(WHAT YOU HAVE TO DO)
Every record is to be copied unchanged, except that its pictures are removed.

*** Opening of EXCERPTED RECORDS ***

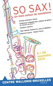So Sax ! Du 6 au 29 novembre 2014 Tarif plein : 8€ Centre de Wallonie – Bruxelles
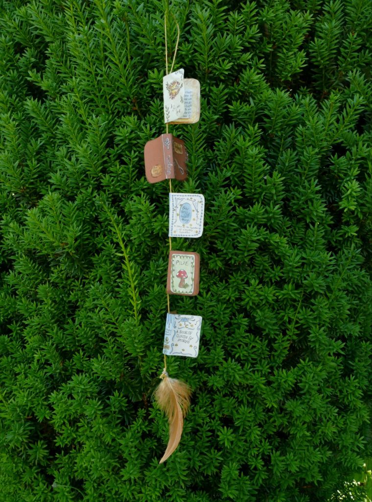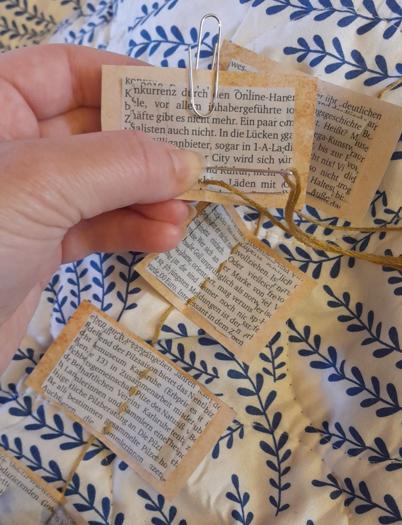 Anschließend habe ich mit Nadel und Faden alles an einander genäht. Nach jedem Buch habe ich einen Knoten gemacht, damit die Bücher alle an ihrem Platz bleiben.
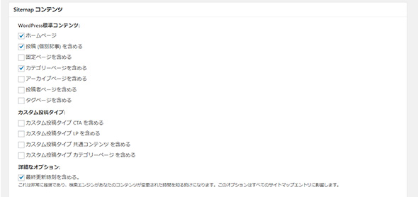 設定方法は、左側の「設定」から「XML Sitemaps」を選択すると設定することができます。
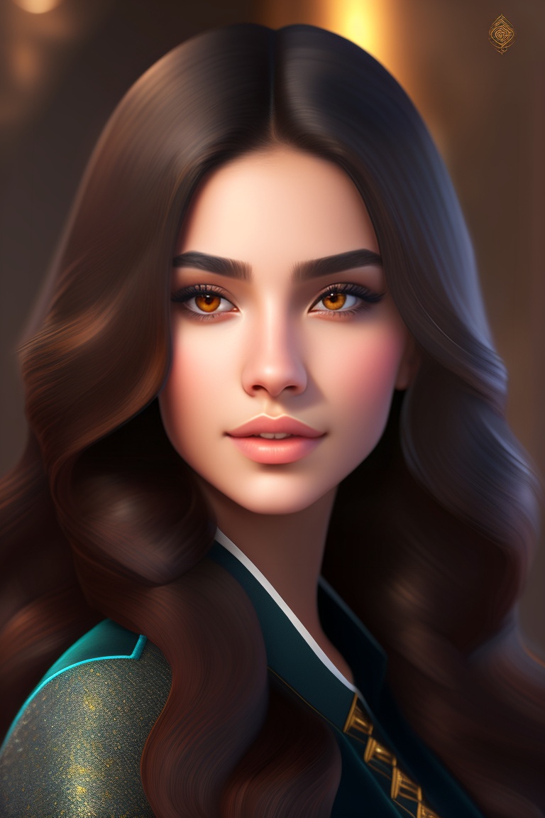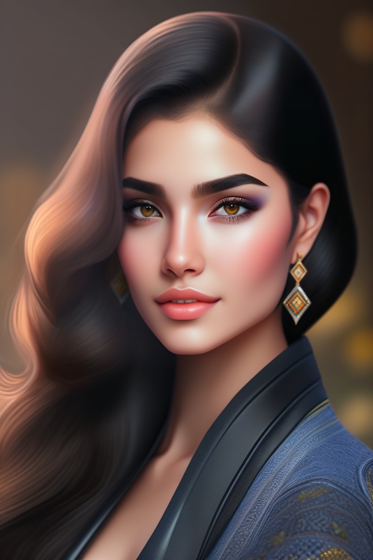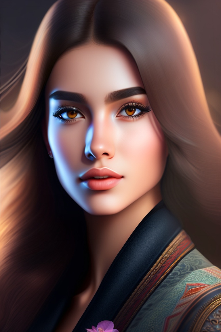 A beautiful iranian girl with black eyes and eyebrows, medium nose, relatively big lips, inclined downwards, long eyelashes, round forehead, long straight black hair
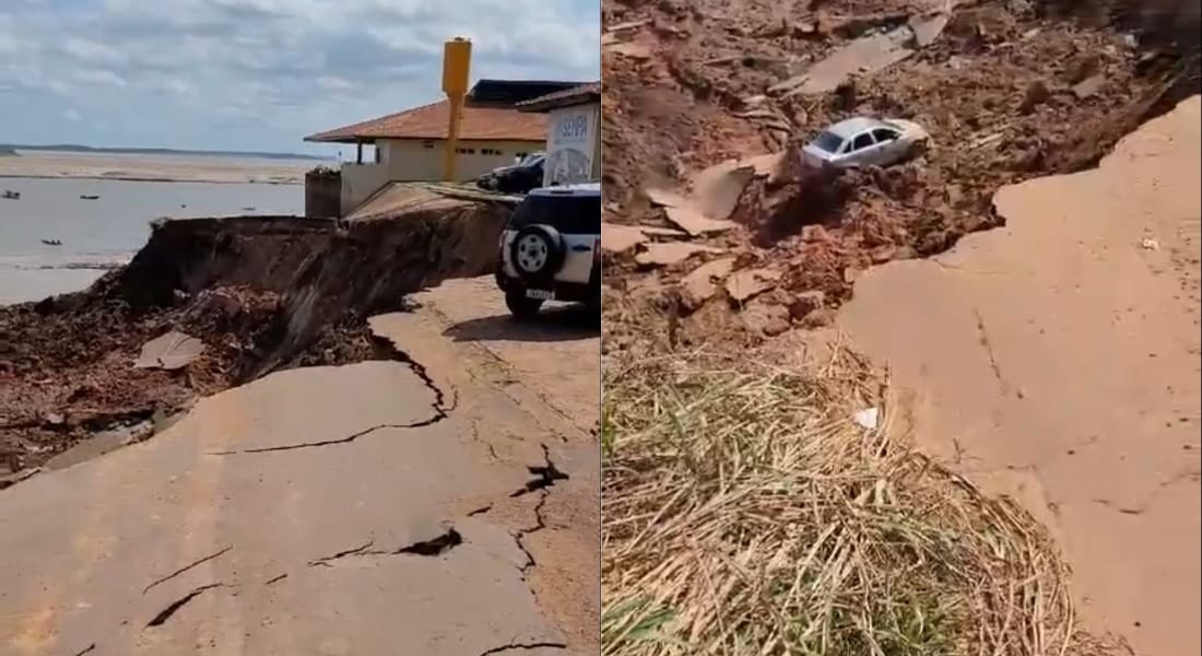 Parte de um barranco que fica ao lado do Porto da Terra Preta, no município de Manacapuru, a 68 quilômetros de Manaus, desabou na tarde desta segunda-feira (7). Um carro que estava estacionado no local foi arrastado. Ainda não há informações sobre possíveis vítimas ou sobre as causas do desabamento.
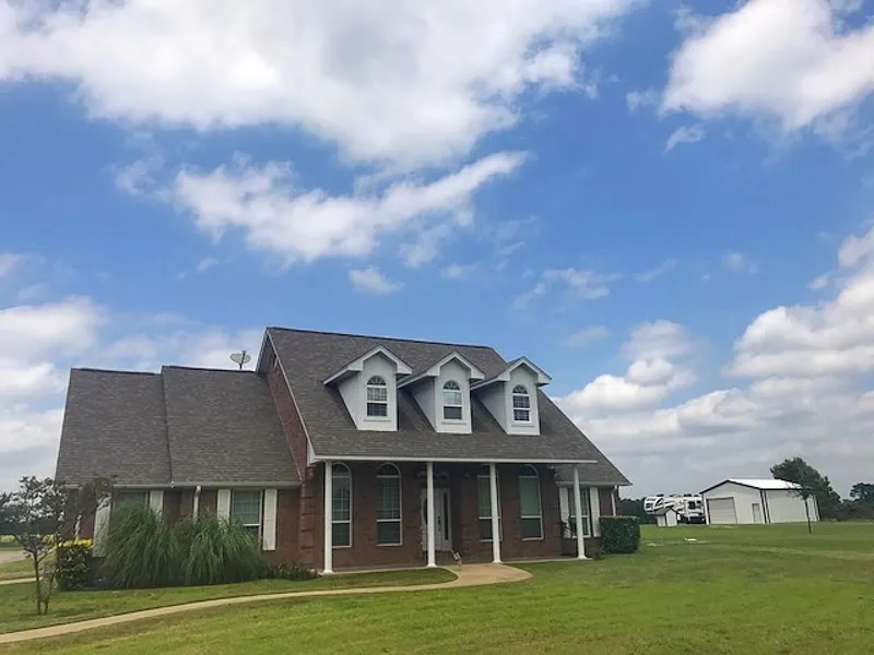 5 bedroom 3 bath home with 2 living areas, formal diningroom, breakfast area, walk-in pantry, game room, all on 3 acres in Eustace ISD.The floor plan offers the master and 2 bedrooms down stairs and the other 2bedrooms and bath upstairs. Very spacious home with 3,812 sqft of heated andcooled space. Granite counter tops, stainless appliances, ceramic wood tileflooring in much of the downstairs and carpet flooring in the bedrooms andupstairs. Circle asphalt drive, 3 car carport, 30 X 30 metal building, Wilcoxwater well, pond, lots of extras. This property is set up perfect for a largefamily as well for entertaining large groups. Just far enough out for the quietnessof the country but still be close to town for convenience.

*** Close of EXCERPTED RECORDS ***

(TASK RESPONSE)
So Sax ! Du 6 au 29 novembre 2014 Tarif plein : 8€ Centre de Wallonie – Bruxelles
 Anschließend habe ich mit Nadel und Faden alles an einander genäht. Nach jedem Buch habe ich einen Knoten gemacht, damit die Bücher alle an ihrem Platz bleiben.
 設定方法は、左側の「設定」から「XML Sitemaps」を選択すると設定することができます。
 A beautiful iranian girl with black eyes and eyebrows, medium nose, relatively big lips, inclined downwards, long eyelashes, round forehead, long straight black hair
 Parte de um barranco que fica ao lado do Porto da Terra Preta, no município de Manacapuru, a 68 quilômetros de Manaus, desabou na tarde desta segunda-feira (7). Um carro que estava estacionado no local foi arrastado. Ainda não há informações sobre possíveis vítimas ou sobre as causas do desabamento.
 5 bedroom 3 bath home with 2 living areas, formal diningroom, breakfast area, walk-in pantry, game room, all on 3 acres in Eustace ISD.The floor plan offers the master and 2 bedrooms down stairs and the other 2bedrooms and bath upstairs. Very spacious home with 3,812 sqft of heated andcooled space. Granite counter tops, stainless appliances, ceramic wood tileflooring in much of the downstairs and carpet flooring in the bedrooms andupstairs. Circle asphalt drive, 3 car carport, 30 X 30 metal building, Wilcoxwater well, pond, lots of extras. This property is set up perfect for a largefamily as well for entertaining large groups. Just far enough out for the quietnessof the country but still be close to town for convenience.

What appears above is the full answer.